Magnetic bead-based SPEED enables rapid and high-throughput proteomics sample preparation: A case study in clinical microbiology for species identification and antibiotic resistance detection

The throughput of proteomics is constantly increasing, which enables the development of new applications focusing on large-scale sample cohorts. These applications range from answering fundamental biological questions based on the analysis of gene knockout libraries to the analysis of population-scale plasma cohorts or the diagnostics of clinical bacterial isolates. Upscaling proteomics challenges all stages of the workflow including sample preparation, data acquisition and data analysis.

Initially, comprehensive, accurate and deep proteome analysis relies on the reproducible generation of peptides from the entirety of proteins present in each sample. Most sample preparation protocols employ detergents or chaotropic agents for protein extraction and support sample lysis by physical disruption methods. As many extraction reagents inhibit enzymatic digestion and are incompatible with LC-MS/MS, the idea behind most sample preparation methods is to remove interfering substances before digestion. Recently, we introduced a detergent-free method, named Sample Preparation by Easy Extraction and Digestion (SPEED), which consists of three steps, acidification, neutralization and digestion. SPEED is a universal method for peptide generation from various sources and is easily applicable even for lysis-resistant sample types. As the scale of proteome studies increases, magnetic-based methods (PAC, SP3) are gaining attraction because of their automation potential. This motivated us to develop and evaluate an improved bead-based SPEED protocol to enable high-throughput sample preparation in 96-well plates with efficient and versatile one-step pure chemical-based sample lysis and direct reagent-free protein quantitation.

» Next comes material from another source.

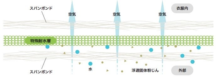 本製品の生地は、東レが2021年に開発したもので、緻密性の高い特殊耐水層(メルトブロー不織布)を、耐久性の高いスパンボンド不織布で挟み込んだ3層構造です。特殊耐水層の不織布を極めて緻密な構造に制御することにより、粉じん防護性に加え、従来のSMS(スパンボンド・メルトブロー・スパンボンドの3層不織布)製法では難しかった耐水圧1,000mmH2O※1を実現しながら、約7cc/cm2・secの通気性を併せ持ちます。

The performance of magnetic bead-based SPEED was evaluated in an analysis of bacterial clinical isolates using our workflow for concomitant species identification and antibiotic resistance (AMR) detection. Samples were analyzed using a 100 SPD method (Evosep One) and diaPASEF data acquisition (timsTOF HT). The results show, that proteomics provided high specificity and sensitivity for AMR detection, while allowing species identification from very large sequence databases with high accuracy. This workflow has the ability for the successful implementation of proteomics in clinical microbiology. The magnetic bead-based sample preparation (SPEED) is able to prepare all ESKAPE bacteria for measurement in less than 2h without protocol adaptations. The method also has great potential for automation to prepare native samples for mass spectrometry without human intervention in the future.